OK. The very first thing I mention in this post is that I have some unknown performance problems. Well, I DO know what the problem is and it has been fixed. The problem was that I was generating AABB’s for every single thing in the scene every frame. (It wasn’t the drawcalls like I suspected.)
How does something like this happen? Good question, and if I find the answer to that I’ll tell you.
No but seriously, it was sort of a ghetto fix I made a while back just so that I could get the damn thing to work.
But in a real situation there’s no need to generate an AABB more than once for something that is static. Static in the sense that it will never move or animate as far as the player is concerned.
And why did this incur such a performance impact? Well, because the AABB has to be created using the OOB as a base. I therefore have to first apply the matrix transform of the object onto the OOB, then create the AABB using the modified vertex positions.
Doing this for every object in the scene every frame is out of the question, not to mention completely and utterly pointless in my situation.
This is performed on the CPU, mind you.

Some updates


I’ve been fixing up the particle system some, to allow the features I never had the energy to do a while ago when I posted that video with the gargoyle face and stuff.
There’s still a lot missing that are necessary for a full featured particle system, but the basic stuff is working fine.
Except I’m going to have to redesign the system itself a little.
Right now it’s divided into particle effects and emitters.
The idea is you attach particle effects onto emitters and create effects in that manner.
But the way it’s designed it doesn’t actually allow more than one particle effect per emitter, or even multiple emitters sharing a particle effect. A little design flaw there. oops.

I experimented a little with color grading as a post processing effect.
So far I think it’s a cool thing, even though I’m not a huge fan of it in general. It’s a fickle matter, it takes a lot of consideration and fine tuning to get right.
There’s also the issue of banding artifacts, which I understand is commonplace with color grading. I’ll have to experiment a little with different stuff to alleviate it to some degree. The banding really looks terrible in some cases, definitely not something you’d expect to see in modern engines.
In case someone wants to get a reference as to why I get this banding artifact: It’s because the loaded texture that contains the color information is just 8 bits per channel, meaning we don’t have a lot of resolution to stretch that to the rendered bit depth which is far higher.

It’s come to the point where I’m going to start implementing the ‘final’ step of my custom 3d file format.
The binary step. (oooh, aaah) But really, it’s too slow to parse text and the format is robust enough not to crash every second time I use it so. It’s that time.
The format is not that amazing really. It just supports the bare minimum of what I need, so there’s no awesome animation support like curves, morph targets and stuff like that in it ( …yet).
I’m not really planning to use this format forever. It was sort of my own idea that I would eventually switch to something else, to Collada perhaps. (*whisper* if the damned exporter support was better.)
I would use FBX, but I’m rather put off by the options of parsing. Either parse the text based file or use Autodesk’s FBX parsing library. I’m not even sure the schematic is public so you could parse the binary yourself.
Anyway It’s too heavy for my (rather) lightweight framework, but I might take a closer look at one point.

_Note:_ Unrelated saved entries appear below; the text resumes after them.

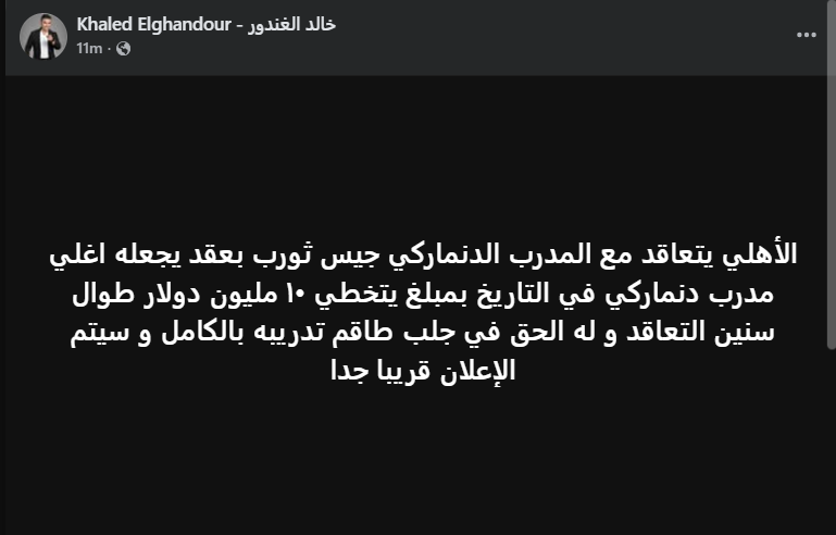 كشف الإعلامي خالد الغندور نجم نادي الزمالك السابق، عن كواليس مفاوضات مسؤولي النادي الاهلي مع الدنماركي جيس ثورب، وذلك من أجل تولي تدريب صفوف الفريق الأول لكرة القدم.
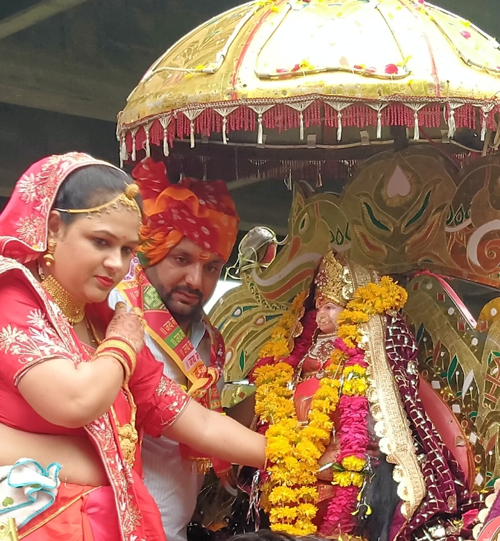 सजीधजी बग्गी में मंयक जाट दशा माता की प्रतिमा लेकर चल रहे थे । शोभायात्रा में अम्बर परिवार एवं जवाहर व्यायामशाला संरक्षक दौलत पहलवान सहित बड़ी संख्या में सदस्य सफेद पोशाक धारण कर शरीक रहे । शोभायात्रा का रास्ते में जगह जगह पुष्पवर्षा कर स्वागत किया ।
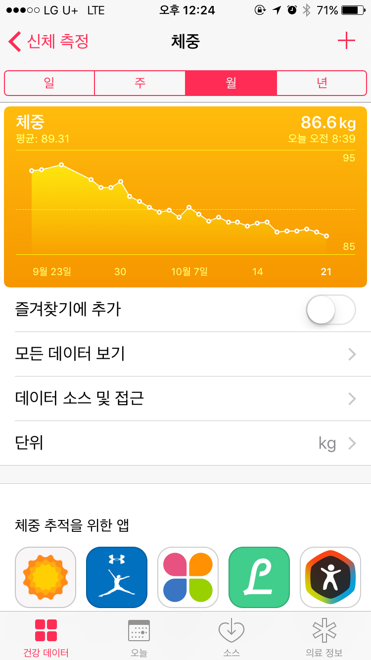 샤오미 mi scale 체중계가 집에 도착한 후 부터 다이어트를 시작했습니다. 9월 20일 부터 시작했고, 그날은 96kg이 찍혀 있는데 이 그래프에서는 안 나와있네요. 원래는 탄수화물 섭취량을 줄이고 퍽퍽한 고기로 한끼를 때우는 것 부터 시작하다가, 며칠 후에 LCHF를 알게 되어서 제대로된 LCHF는 25일부터 시작했어요. 25일의 몸무게는 93.5kg이 찍혀있네요. 오늘 아침 몸무게가 86.6kg니까 순수 LCHF만으로 7kg 가 빠진 셈입니다. LCHF 식단이 누구에게나 쉬운 방법은 아닌거 같아요. 저희 어머니는 딱 3일 하시고 구역질나서 못하겠다... 라며 탈출하셨습니다. 다만 저는 굉장히 즐겁게 다이어트를 하고 있는데 그건, 제가 그간 해왔던 다이어트 방법이 워낙 힘든 방법이여서 그것과 비교되어서 그런것일 수도 있고, (https://www.redtea.kr/?b=31&n=5009&c=22542 참조) 제가 워낙 기름진 음식을 좋아하고, 빵 쌀 과일 이런것들을 별로 좋아하지 않아서 그런것 같기도 해요. 다만 질리지 않게 식단을 짜는건 어려운데, 주로 소스를 최대한 다양하게 쓰는 방법을 쓰고 있습니다. 비용을 줄이기 위해서 대형 마트에서 싼 부위의 고기들을 많이 사와서 얼려서 보관하는 방법을 쓰게 되는데, 그렇게 하면 아무리 고기를 좋아해도 질릴수 밖에 없더라고요. 그럴때 주로 파스타 소스 (1숭2님의 아이디어를 빌린건데) 들을 쓰고 있습니다. 파스타 소스들의 성분표를 보면 탄수화물 함유율이 낮은 제품들이 꽤 많더라고요. 그리고 한국인이니까 당연히 맵고 자극적인게 끌릴때가 있는데, 그럴때는 뼈해장국이나 순두부찌개, 돼지국밥, 추어탕, 순두부찌개 이런것들을 먹어요. 최근에는 해산물들도 애용하고 있습니다. 몇달 전에 방영했던 SBS 다큐를 보면 극단적인 다이어트는 식욕관련 호르몬 분비에 이상을 불러일으킬 가능성이 높다고 하던데, 여러 자료에 따르면 이 방법은 오히려 식욕관련 호르몬 분비를 정상으로 되돌린다고 합니다. 저는 이 점을 이 다이어트의 가장 큰 장점으로 생각합니다. 짐작하기에 저도 식욕관련 호르몬 분비에 이상이 있었거 같기도 해요. 정말 먹어도 먹어도 배가 안부르던 때가 있었거든요. 그런데 신기하게도 LCHF 다이어트를 시작하자마자 부터는 식욕이 엄청 줄었어요. 야식 생각을 거의 안하게 되더라고요. 이건 저한텐 엄청난 변화입니다... 그리고 부작용이 조금 있었는데, 널리 알려진대로 몸살이 걸린것 처럼 아픈 때가 한번 옵니다만, 견과류나 카카오닙스를 잘 챙겨 먹었더니 잘 견뎌낸것 같아요. 그 외에 별 다른 부작용은 없는거 같... 아, 없던 변비가 생겼네요. 도시락을 싸들고 다녀야 한다는게 좀 귀찮긴 하지만, 그래도 맛있는걸 먹으면서 살을 뺄수 있다는 점이 좋은것 같습니다. 이상 4주간의 LCHF 중간보고를 마칩니다. 0

Uuh… I think that’s about it. I’m doing a ton of other stuff too, but nothing significant to write about.

Things and stuff

I’ve been spending some time rethinking and re-implementing a part of my material system to basically be more versatile than what it was.
Since my renderer still utilizes sort of a hybrid rendering using a deferred approach to handle the largest bulk of the lighting and standard forward rendering for the rest, what I can and can’t do is pretty apparent.
But. With my latest additions the renderer is way more full featured and can be used to make a plethora of effects.
I still don’t handle transparency that well. Sorting transparent geometry is always difficult to get good. So I probably won’t bother trying to make more of it than I have to. Basic back to front sorting will have to do.

Here’s a boring ol’ wall tile with a texture applied.
Now how this is being rendered is of course mostly up to the material attached to that object.
We can change the material to do something else:

Here I turned the material into a mirror-shine super glossy material.

I also added a “custom” routine for effects and stuff that fall out of the reach of my generalized pipeline so we can render those with custom shaders and blending operations and stuff.
Main problem with that is of course that they can usually not take part of the scene’s lighting.
To remedy that, there’s a “super crisis-system”(this is not its actual name) that allows arbitrary shaders to access the scene’s lighting manually so we can at least get some of the lighting on it. Right now I’m planning on allowing access to 4 of the biggest nearby lights. I’m filtering out small and faint lights as these don’t affect the geometry as much (Duh).

I finished putting in support for the last channel of the dedicated “mask” texture that is available through the material’s texture slots.
The “mask” texture is a special texture that stores 3 textures in one. One texture per channel.
It stores Specular Gloss, Fresnel and Reflection.
I find it a tiny bit unintuitive to cram textures into channels of other textures, but artists don’t generally seem to mind; there are plenty other engines that do something similar.

Aaah. What else?

Haha. 😀 Just for fun I tried putting in a monster from Doom 3 to see how the texture maps translated into my engine’s material system.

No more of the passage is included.